Impact Of New Initiatives On College Drinking And Drug Use
April 30, 2002
By cracking down on underage and binge drinking in an attempt to prevent student deaths, colleges also will trim the use of marijuana, according to researchers. Stricter college alcohol policies, such as raising the price of alcohol or banning alcohol on campus, decrease the number of students who use marijuana.
Alcohol and marijuana are what economists call "economic complements," at least for college students. There had been concern that the two were "substitutes," and that anti-alcohol policies by colleges inadvertently contributed to a 22 percent increase in marijuana use among college students between 1993 and 1999.
But researchers who analyzed evidence from the Harvard School of Public Health College Alcohol Study -- which included data on students from 1993, 1997 and 1999, and covered 140 schools in 40 states -- found that the drugs are complements.
- Researchers found that marijuana use -- as well as alcohol use -- declined following a wave of private and public initiatives, including raising the price of alcohol (often through a higher beer tax), and restricting access to alcohol through campus bans or state laws restricting happy hours.
- Banning alcohol on campus shrank the use of both alcohol and marijuana by female students of all ages; however, it did not effect use by males.
- Also, the various changes in alcohol policies had the same impact on individuals under the age of 21 as on those of legal drinking age.

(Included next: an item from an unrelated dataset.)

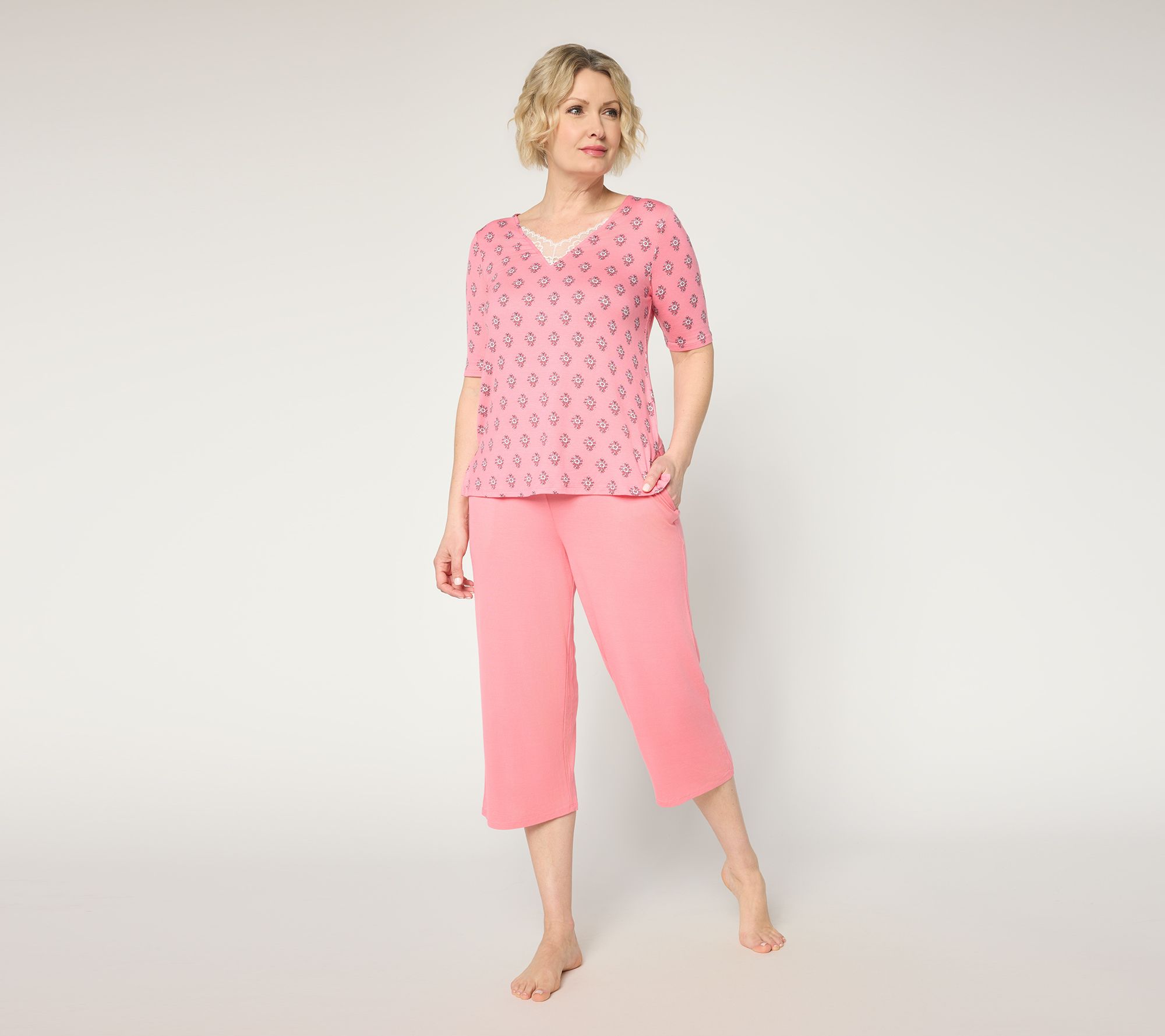 Style meets ease in this soft stretch tee, featuring a delicate lace insert at the V-neckline that adds a gentle touch of detail for workdays, weekend errands, or daily lounging. Elbow-length sleeves make this knit top a versatile choice for layering or wearing solo, easily paired with jeans or comfy leggings. From Cuddl Duds.

The more likely explanation for the rise in the use of marijuana by college students, the authors suspect, is that its price has dropped significantly in the past decade.
Source: David R. Francis, "College Drinking and Drug Use," NBER Digest, November 2001; based on Jenny Williams, et al., "Alcohol and Marijuana Use Among College Students: Economic Complements or Substitutes," NBER Working Paper No. 8401, July 2001, National Bureau of Economic Research.